A tree is a hierarchical data structure where each element (node) has a parent-child relationship with other elements. Unlike arrays and linked lists, which are linear, trees branch out, making them natural for representing hierarchies: file systems, HTML DOMs, organization charts, and decision processes.

Why does this matter? Trees are the foundation for fast searching, sorting, and hierarchical organization. Binary search trees give O(\log n) lookup when balanced. Traversal algorithms on trees are the gateway to recursive thinking, which is central to CS problem-solving.

Key properties:

  • Hierarchical structure: models parent-child relationships naturally
  • O(\log n) search in balanced BSTs, compared to O(n) for linked lists
  • Recursive definition: a tree is either empty or a node with subtrees, making recursive algorithms elegant
  • Foundation for advanced structures: heaps, tries, B-trees, and red-black trees all build on the basic tree concept

How It Works

Binary Tree Structure

Each node stores a value and pointers to its left and right children. A null pointer indicates the absence of a child.

8 3 10 1 6 14 root

This is a valid BST: for every node, left descendants are smaller and right descendants are larger. For example, node 3 has children 1 (left, smaller) and 6 (right, larger).

BST Search

To find a key $k$ in a BST, start at the root and at each node:

  1. If $k$ equals the node's key, return the node
  2. If $k$ is less, recurse into the left subtree
  3. If $k$ is greater, recurse into the right subtree
  4. If the subtree is empty, the key is not in the tree

Each comparison eliminates one subtree, halving the search space in a balanced tree.
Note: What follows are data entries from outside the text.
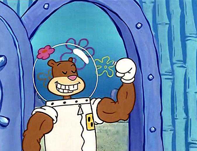 看着珊迪这样强壮的手臂,再看看自己那麦秆一样粗细的手,海绵宝宝决定向她学习一下。就这样,他们来到了珊迪的健身房,先是练拳击,但海绵宝宝根本扛不住珊迪一拳,一个回合下来,他已经有些吃不消了,然后就是长跑,最后就是压手臂,看到练手臂的工具时海绵宝宝心想:这只松鼠是想整死我,于是就一溜烟跑了。
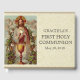 Esta é uma bela imagem vintage de Jesus segurando o Eucarista cercado por querubs e flores. Um cálice de ouro está no primeiro plano.
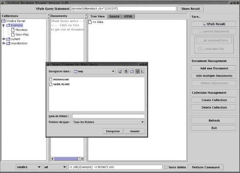 XindiceBrowser ne permet pas de réaliser toutes les commandes existantes sous Xindice, notamment tout ce qui concerne la gestion des indices et les import et export de fichiers. Par contre, il possède une fonctionnalité supplémentaire, en ceci qu'il permet d'enregistrer le résultat d'une requête XPath dans un fichier.
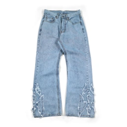 Bootcut denim pants with five-pocket construction and belt loops. Button and zipper fly closure. Distressed stitch detailing on lower leg panels.
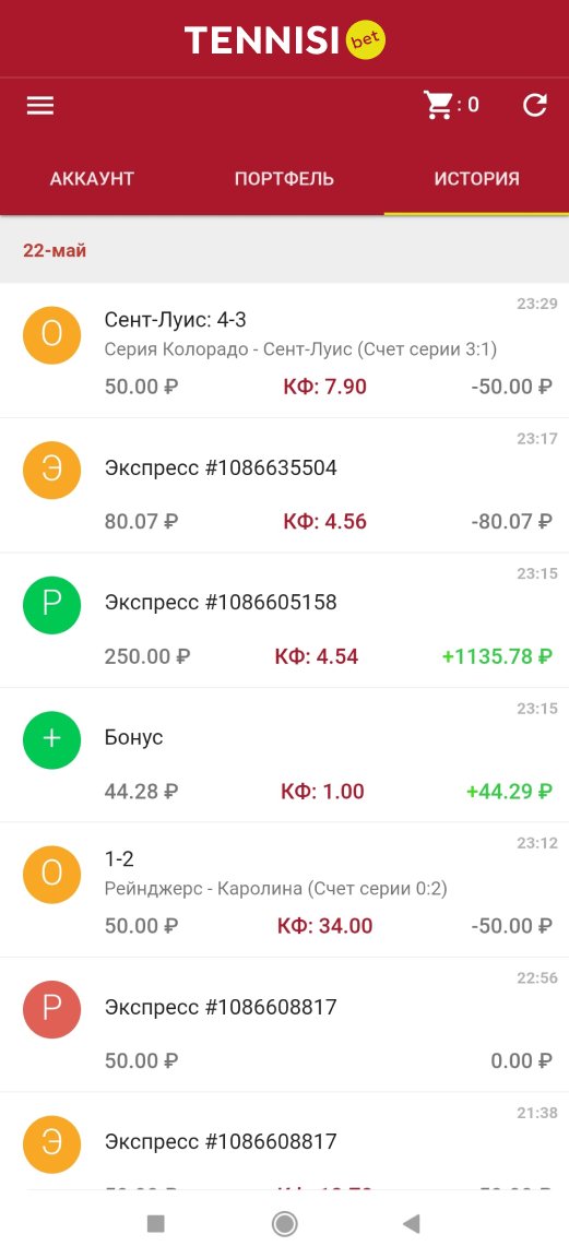 С Tennisi есть небольшой нюанс: в мобильном приложении клиент может отследить историю лишь за последнюю неделю, весь архив же доступен только через полную версию сайта.
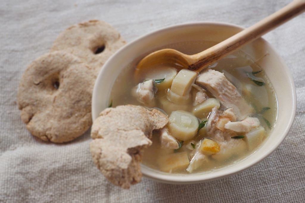 Zur Suppe passt selbst gebackenes Gerstenfladenbrot. Wenn dieses schon hart ist, einfach in die Suppe tunken.
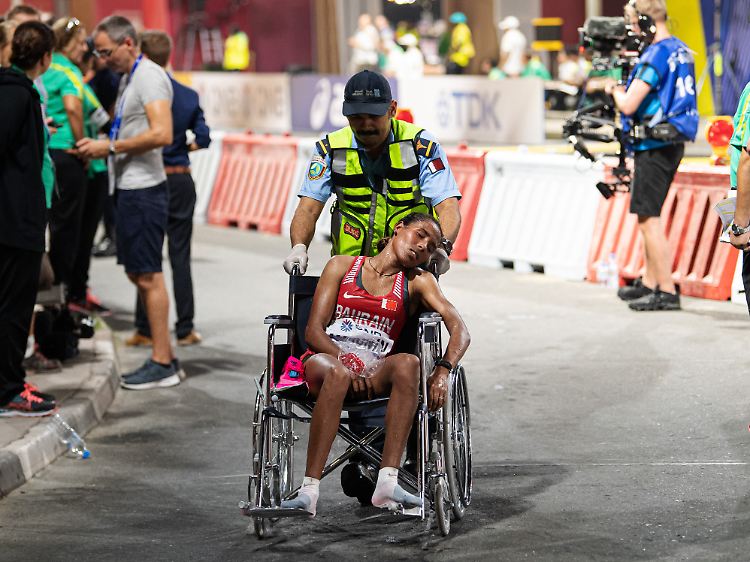 Temperaturen von 30 Grad Celsius, mehr als 70 Prozent Luftfeuchtigkeit: Der WM-Marathon der Frauen am vergangenen Freitag in Doha war eine Tortur, nur 40 der 68 Teilnehmerinnen schafften es überhaupt ins Ziel, die Siegerinnenzeit war die langsamste der WM-Geschichte. Äthiopiens Leichtathletik-Verband zieht daraus nun Konsequenzen, obwohl seine drei Starterinnen das Ziel erreicht hatte. Für alle Starter aus Äthiopien beim WM-Marathon in Doha ordnete der Verband eine dreimonatige Wettkampfpause an. Das geschehe aus Sorge um die Gesundheit der Läufer, teilte der Verein mit und kündigte "verschiedene Konsequenzen" im Fall einer Missachtung an.
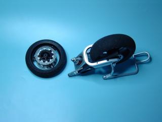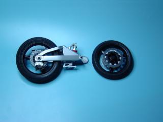 Furca spate a fost inchisa intr-un loc unde Tamiya deobicei nu inchide acea componenta. Multi folosesc chituri expoxidice sau de polyester, eu am ales foaie de stiren. Cadrul si furca spate a fost vopsita cu grund alb Tamiya iar dupa o saptamana in care am permis grundului sa se usuce bine bine am aplicat vopseaua Tamiya TS 30 Silver Leaf.
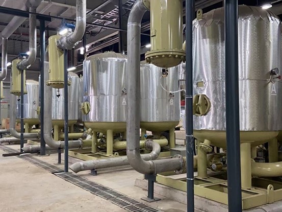 The purpose of the dryer required by Beterui Company is mainly to dry and efficiently purify the compressed air in the lithium battery production process without damaging the gas equipment. In order to ensure that it can produce high-quality products that meet standards, the company’s gas requirements are very high. The total gas consumption exceeds 800 cubic meters/min, and the dew point requirement is even lower than -40°C. In response to the national energy-saving policy, the effect must meet national standards, requiring easy operation and maintenance of the machine, beautiful appearance of the dryer, and pressure dew point requirements ≤ -40℃, oil content 0.01ppm, dust particle size ≤1um, air consumption ≤ 3%.

This gives $O(\log n)$ time, similar to binary search on a sorted array.

Traversal Orders

The three classic depth-first traversals differ only in when they visit the current node relative to its children:

  • Inorder (Left, Node, Right): visits BST nodes in sorted order. For the tree above: 1, 3, 6, 8, 10, 14
  • Preorder (Node, Left, Right): visits the root before its subtrees. Useful for copying or serializing a tree: 8, 3, 1, 6, 10, 14
  • Postorder (Left, Right, Node): visits children before the parent. Useful for deletion or evaluating expression trees: 1, 6, 3, 14, 10, 8

BST Insertion and Deletion

Insertion follows the same path as search: walk down the tree comparing keys until you find an empty spot, then place the new node there.

Deletion has three cases:

  1. Leaf node: simply remove it
  2. One child: replace the node with its child
  3. Two children: replace the node's key with its inorder successor (smallest node in the right subtree), then delete that successor

Complexity Analysis

Operation Balanced BST Worst Case (Skewed) Notes
Search $O(\log n)$ $O(n)$ Degenerates to linked list if unbalanced
Insert $O(\log n)$ $O(n)$ Same path as search
Delete $O(\log n)$ $O(n)$ Finding successor adds at most $O(h)$
Inorder traversal $O(n)$ $O(n)$ Visits every node exactly once
Space $O(n)$ $O(n)$ One node per element

Height of a Balanced Binary Tree

A balanced binary tree with $n$ nodes has height:

$h = \lfloor \log_2 n \rfloor$

This is why balanced BST operations are $O(\log n)$: the longest path from root to leaf has $\lfloor \log_2 n \rfloor$ edges.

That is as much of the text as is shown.